Chapter Nine

“So you’re Mason, the lawyer,” Cap’n Hugo said, shuffling forward and extending his right hand.

“That’s right,” Mason said, “and you’re Cap’n Hugo.”

“That’s me.”

Mason stood for a moment sizing the man up.

Cap’n Hugo would have been around six feet tall if he had stood straight, but an easygoing slouch had been crystallized by age so that now his head was thrust forward, his shoulders rounded. The man seemed abnormally thin except that the forward thrust of his spine had pushed his stomach out so that he seemed a little paunchy in the middle. His neck, arms, wrists and ankles were pipestem thin.

He had high cheekbones, a pointed jaw and a sloping forehead.
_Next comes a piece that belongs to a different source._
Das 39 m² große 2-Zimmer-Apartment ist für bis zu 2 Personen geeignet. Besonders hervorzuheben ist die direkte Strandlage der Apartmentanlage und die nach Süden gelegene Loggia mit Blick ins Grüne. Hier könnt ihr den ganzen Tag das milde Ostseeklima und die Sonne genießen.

The forward thrust of his neck held his face downward so that he had to look up when he wanted to meet a person’s eyes. He accomplished this by a little sideways, upward toss of the head and an elevation of his eyebrows. For the most part the man seemed intent on looking at the floor. From time to time he darted these elfin glances upward in what almost seemed a deliberately droll manner.
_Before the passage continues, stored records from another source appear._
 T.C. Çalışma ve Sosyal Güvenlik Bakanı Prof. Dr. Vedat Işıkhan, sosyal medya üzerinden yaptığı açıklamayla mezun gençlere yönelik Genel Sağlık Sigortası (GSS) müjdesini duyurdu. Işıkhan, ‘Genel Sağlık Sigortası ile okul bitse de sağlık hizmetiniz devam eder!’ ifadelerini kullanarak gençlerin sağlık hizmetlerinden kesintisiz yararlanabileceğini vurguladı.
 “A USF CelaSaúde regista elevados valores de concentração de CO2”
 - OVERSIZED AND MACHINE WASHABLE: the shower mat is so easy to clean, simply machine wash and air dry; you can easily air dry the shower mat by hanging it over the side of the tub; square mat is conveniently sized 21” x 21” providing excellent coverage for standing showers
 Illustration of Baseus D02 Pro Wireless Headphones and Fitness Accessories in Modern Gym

Mason said, “Sit down, Cap’n. Paul Drake told me you were an interesting character and I wanted to ask you a few questions.”

“Go right ahead,” Cap’n Hugo drawled. “They paid me ten dollars for just sittin’ down an’ talkin’. Easiest money I ever made in my life. What you want me to talk about?”
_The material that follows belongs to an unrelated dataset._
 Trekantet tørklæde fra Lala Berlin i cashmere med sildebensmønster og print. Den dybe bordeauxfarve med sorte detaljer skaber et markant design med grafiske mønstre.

He eased his figure down into a chair, put his hands on his knees, flashed an upward glance at Mason, then relaxed so that Mason could see only the tip of the man’s nose, his bushy white eyebrows and the light glinting from the bald head.

“I understand the police are investigating the death of Mosher Higley,” Mason said.

This time the head came up with a jerk, the gray eyes flashed from under the bushy eyebrows.

“What the hell are you talkin’ about?” Cap’n Hugo demanded.

“That’s my understanding,” Mason said.

For a moment Cap’n Hugo held his head up, looking at Mason, then, as though the upthrust position caused him pain in his spine, he lowered his head again and said, “Hell, there ain’t nothin’ to investigate. Old Mosher Higley kicked the bucket just like all of us are goin’ to do some day. I understand some doc got Miss Nadine full of dope and she had a pipe dream. If the police are goin’ to investigate all dope dreams like that the real crooks couldn’t ask for nothin’ better. Cops’ll be too damn busy to work on real crime. Hell, they’ll be all worn out.”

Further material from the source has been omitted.